The program is always supported by a policy. In the policy, the organization can decide all the rules that they want to implement and enforce to the researchers. One of the main components of the policy is the "scope". We started with a small scope, including only our more mature components, as this reduces the amount of applications that are eligible for a bounty and, consequently, the amount of reports received.
Some vulnerabilities were excluded from our program in an initial phase using the policy, as for instance Denial of Service. Many of these excluded vulnerabilities remain excluded in our program today and may be eligible for bounties in the future. Our policy is also very restrictive with the use of scanners and other tools that may have impact in the performance of our applications.
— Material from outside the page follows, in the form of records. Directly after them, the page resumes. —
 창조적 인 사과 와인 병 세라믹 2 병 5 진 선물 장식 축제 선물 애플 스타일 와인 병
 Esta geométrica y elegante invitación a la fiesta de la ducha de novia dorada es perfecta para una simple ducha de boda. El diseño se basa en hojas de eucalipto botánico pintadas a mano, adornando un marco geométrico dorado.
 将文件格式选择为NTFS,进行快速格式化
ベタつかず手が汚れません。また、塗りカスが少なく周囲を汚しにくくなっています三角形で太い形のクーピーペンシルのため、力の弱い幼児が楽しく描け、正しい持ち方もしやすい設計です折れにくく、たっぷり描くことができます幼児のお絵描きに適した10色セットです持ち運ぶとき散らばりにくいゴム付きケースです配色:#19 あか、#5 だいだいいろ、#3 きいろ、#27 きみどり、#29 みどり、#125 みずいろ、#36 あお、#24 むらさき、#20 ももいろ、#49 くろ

For two years we gradually increased the number of researchers, scope and bounties. When we went public, we had over 700 invited researchers and all applications in our main domains were in scope. At this point, everyone can see our policy and responsibly report vulnerabilities to us. We also chose to make our program "managed" when we went public, considering that the number of reports would increase considerably, and this has proven to be a good decision. We are now collaborating with an unlimited number of security researchers, with a very distinct set of skills and experience.
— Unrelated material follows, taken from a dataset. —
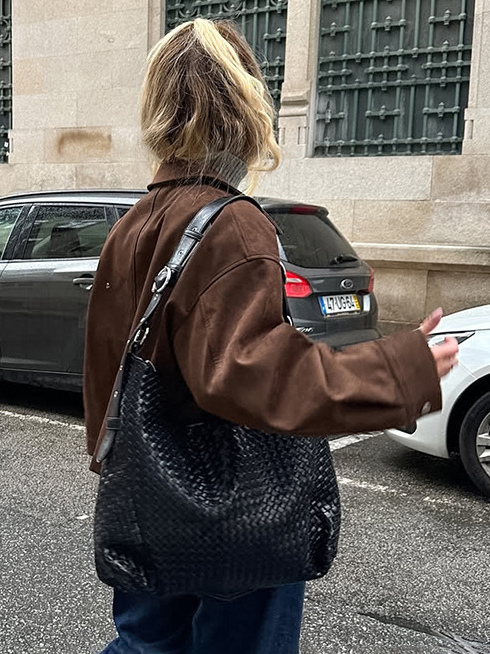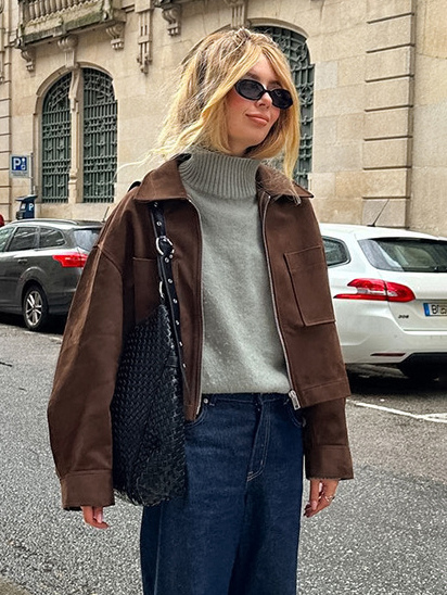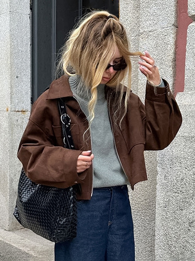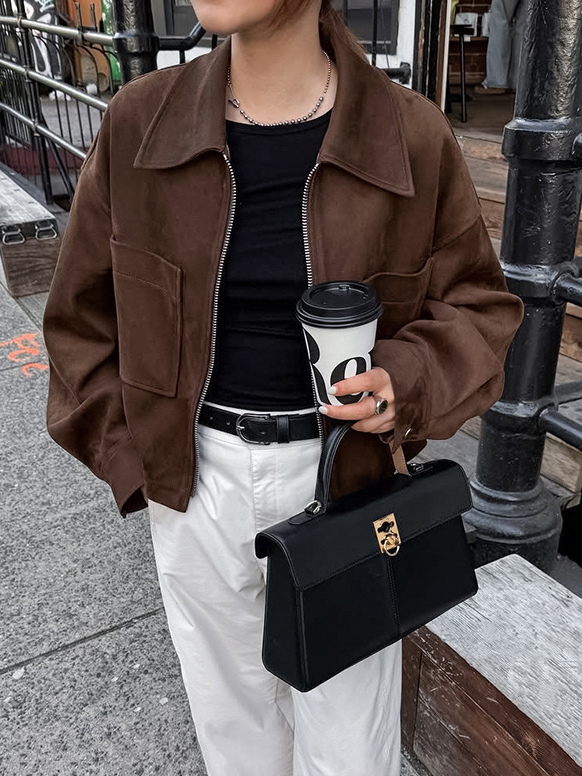 ブラウンスエード クロップド丈 ジップアップジャケット(ポケット付き、レディース 2025年)

The biggest challenge of the program is to maintain the internal processes working smoothly. Good communication between the security team and all other internal teams involved is mandatory. If the time to triage, pay and report vulnerabilities to the internal teams is not difficult to control, the time to fix vulnerabilities is. The development and infrastructure teams need to plan and prioritize the fixes in addition to all their other work. If several vulnerabilities are identified in a short period of time, and are all owned by the same team, providing a fix for all of them in a reasonable time is a difficult problem to solve.
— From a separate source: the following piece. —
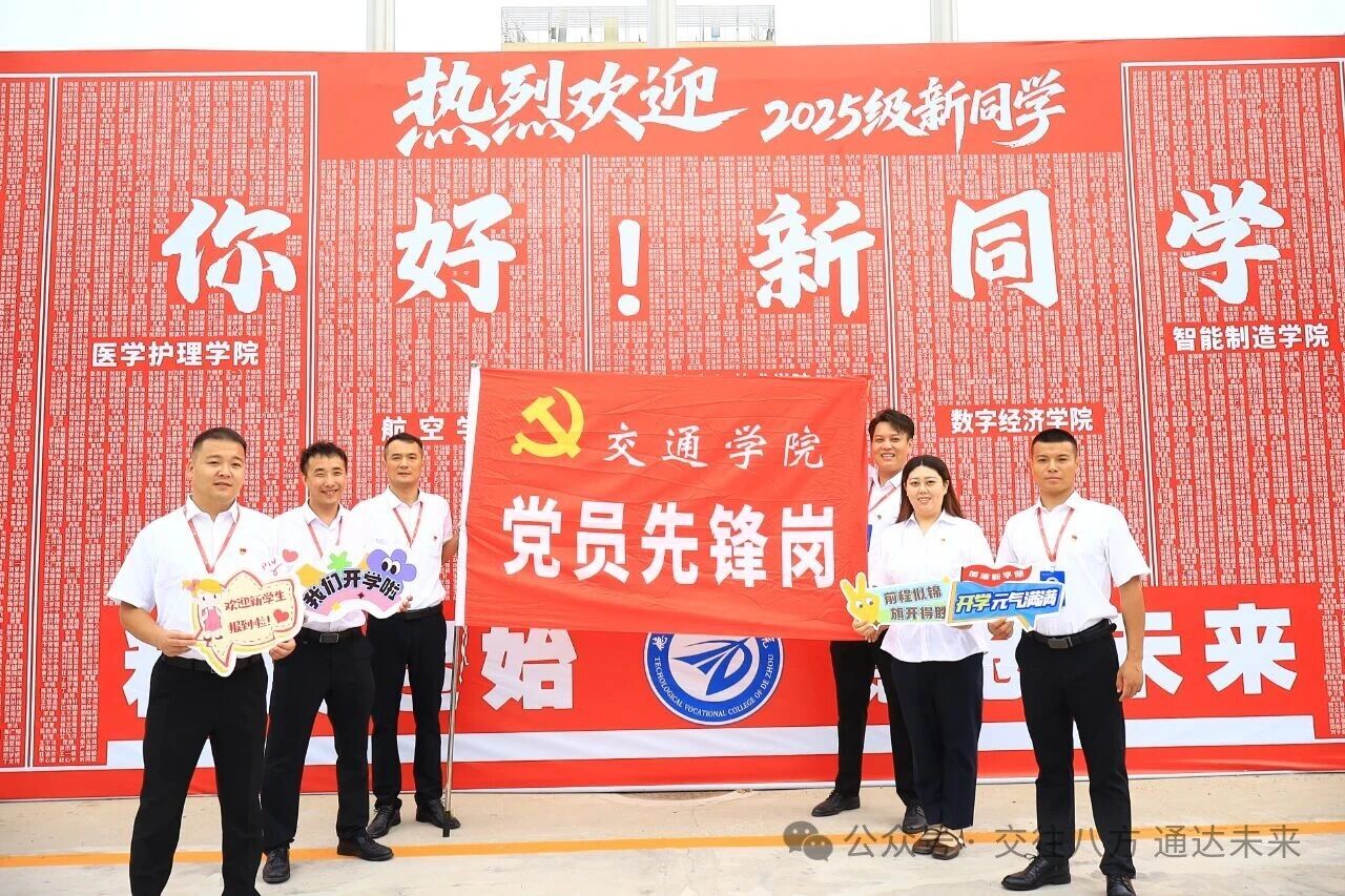 9月8日,德州科技职业学院交通学院迎来了充满活力的2025级新生。为充分发挥基层党组织的战斗堡垒作用和党员的先锋模范作用,交通学院党总支积极响应学校党委号召,在交通学院党总支书记刘爱青同志的带领下,把"党建引领放在迎新第一线",开展了一场有温度、有深度、有力度的迎新活动,成为迎新现场一道亮丽的红色风景线。

Considering the initial expectations of the program, we can say that the results were surprisingly good. Although we have tight security controls in place, the bug bounty identifies vulnerabilities that managed to be deployed evading detection, allowing us to fix them and improve our security posture. Besides this key improvement, it also helps the Application Security and Infrastructure Security teams to identify gaps in the security controls. It makes the SOC team more confident on the existing controls against the newest threats. As we integrated the data from the bug bounty platform with our internal vulnerability tracker, Risk Management team is able to highlight the vulnerabilities identified by the program to management. Additionally, Security Compliance team is often one step ahead when vulnerabilities are identified by external audits, because they were already identified in the past by the bug bounty and are being addressed. In conclusion, this was a long journey, with outstanding results. Having a public bug bounty is a valuable extra layer of security that we intend to keep for a long time.